Temuan dari Deloitte ini sejalan dengan hasil survei dari PwC yang menunjukkan adanya penurunan kepercayaan para CEO terhadap dampak AI terhadap kinerja bisnis mereka. Dalam Survei CEO Global ke-29 PwC yang melibatkan 4.454 CEO dari 95 negara, hanya 30% CEO yang merasa yakin terhadap pertumbuhan pendapatan dalam 12 bulan ke depan. Angka ini merupakan penurunan signifikan dari 38% pada tahun 2025 dan 56% pada tahun 2022.
Salah satu kekhawatiran utama yang diungkapkan oleh para CEO adalah perubahan teknologi yang sangat cepat, termasuk perkembangan AI. Jika sebelumnya AI dipandang sebagai solusi utama untuk meningkatkan kinerja bisnis, kini hanya 12% CEO yang benar-benar merasa AI memberikan keuntungan finansial yang nyata.
Sebanyak 56% CEO bahkan mengakui bahwa mereka belum melihat manfaat finansial yang signifikan dari penerapan AI di perusahaan mereka. Ketua Global PwC, Mohamed Kande, menyebutkan bahwa hanya segelintir perusahaan yang berhasil menjadikan AI sebagai sumber keuntungan yang nyata, sementara mayoritas masih berada dalam tahap uji coba dan eksplorasi.
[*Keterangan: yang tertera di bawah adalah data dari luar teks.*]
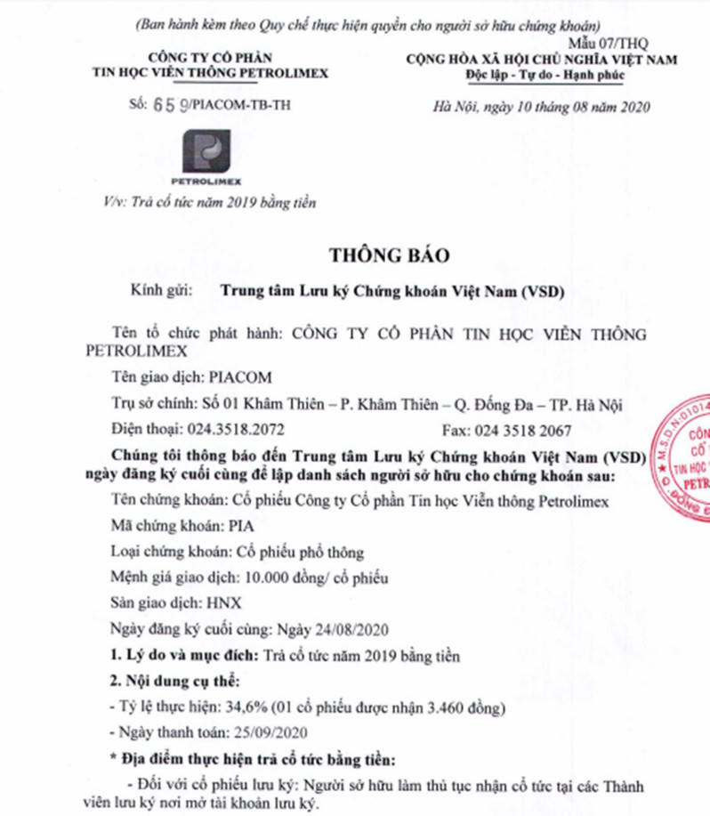Tin học Viễn thông Petrolimex (PIA) trả cổ tức năm 2019 bằng tiền mặt tỷ lệ 34.6%

“Tahun 2026 tampaknya akan menjadi tahun yang menentukan bagi AI,” ujar Kande.
Meskipun demikian, ada catatan positif yang menunjukkan potensi AI. Perusahaan-perusahaan yang telah berhasil mengintegrasikan AI secara serius ke dalam produk dan layanan mereka tercatat mampu meraih keuntungan operasional yang hampir 4% lebih tinggi dibandingkan dengan perusahaan yang belum mengadopsi teknologi ini. Hal ini mengindikasikan bahwa meskipun tantangan masih ada, mereka yang berhasil memanfaatkan AI memiliki keunggulan kompetitif yang jelas.